Below are some append() operations we've done many times to list and numpy arrays.  

We can determine their runtime using the `%%timeit` magic variable in Jupyter.  `%%timeit` runs multiple experiments or 'loops' to estimate the mean and standard deviation in the processing time.

In [None]:
%%timeit -n 100
# Appending items to a list array.
N = []
for n in range(1000):
    N.append(n)

### Append() operation on a numpy arrays...

In [None]:
%%timeit -n 100
# Appending items to a Numpy array
N = np.array([]);
for n in range(1000):
    N = np.append(N,n)

### Finally, create the  array as Numpy would recommend to do it.

In [None]:
%%timeit -n 100
N = np.arange(0,1000,1)

**Results:** Clearly, np.arange() is not using a for-loop, at least not in Python language, because this operation is much faster than even the base-python list array loop.

### How does the time required for computation scale with the value of N?  

1. Instead of using `%%timeit`, use the time() module to calculate the compute time.
1. Do this for multiple values of N.
1. Normalize or divide the compute time by the first value, so the compute time is unitless. This lets us compare with the benchmark curves below.

In [None]:
## Add the compute resources
import time
Ns = np.array([10,100,500,1000])

t = []
for i in Ns:
    ti = time.time()
    N = np.empty([0,i]);
    for n in range(i):
        N = np.append(N,n)
    t.append(time.time()-ti)

# Normalize the time by the initial value to get unitless quantity.
t = np.array(t)/t[0]
print(t)

t2 = []
for i in Ns:
    ti = time.time()
    N = np.arange(0,i,1)
    t2.append(time.time()-ti)
# Normalize the time by the initial value to get unitless quantity.
t2 = np.array(t2)/t2[0]
print(t2)

## Algorithm [efficiency benchmarks](https://en.wikipedia.org/wiki/Algorithmic_efficiency) developed by Don Knuth.

1. Make graphs of the Benchmark scaling relationships between N and the compute time.
1. Compare these curves to the append() results.

In [None]:
N = np.arange(0,1000,1)    # Create an O(n) vector for graphing.
N = np.array(N,ndmin=2).T  
Ologn = np.log(N);         # Create an O(log(n))  vector for graphing.
Onlogn = N*np.log(N);      # Create an O(n*log(n)) vector for graphing.
On2 = N**2;                # Create an O(n*n) vector for graphing.
Oexp = 1.1**N              # Create an O(e^n) vector for graphing.
AN = np.concatenate((N,Ologn,Onlogn,On2,Oexp),axis=1)

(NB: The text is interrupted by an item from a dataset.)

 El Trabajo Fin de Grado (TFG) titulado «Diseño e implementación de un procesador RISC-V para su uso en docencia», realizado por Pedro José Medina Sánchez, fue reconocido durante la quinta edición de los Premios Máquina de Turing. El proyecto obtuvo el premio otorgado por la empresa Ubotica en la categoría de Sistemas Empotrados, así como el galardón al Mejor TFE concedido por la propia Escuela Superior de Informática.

plt.figure(figsize=(10,8))
plt.plot(N,AN);
plt.ylim(1e-1,1e5);
plt.yscale('log')
#plt.xscale('log')
    
plt.scatter(Ns,t,s=50,marker='s')
plt.scatter(Ns,t2)
plt.legend(['O(n)','O(logn)','O(nlogn)','O(n^2)','O(e^n)','np.append.loop','np.arange'])

plt.xlabel('N',fontsize=20)
plt.ylabel('Computing resources required',fontsize=20)

#plt.savefig('Compute_resources.png')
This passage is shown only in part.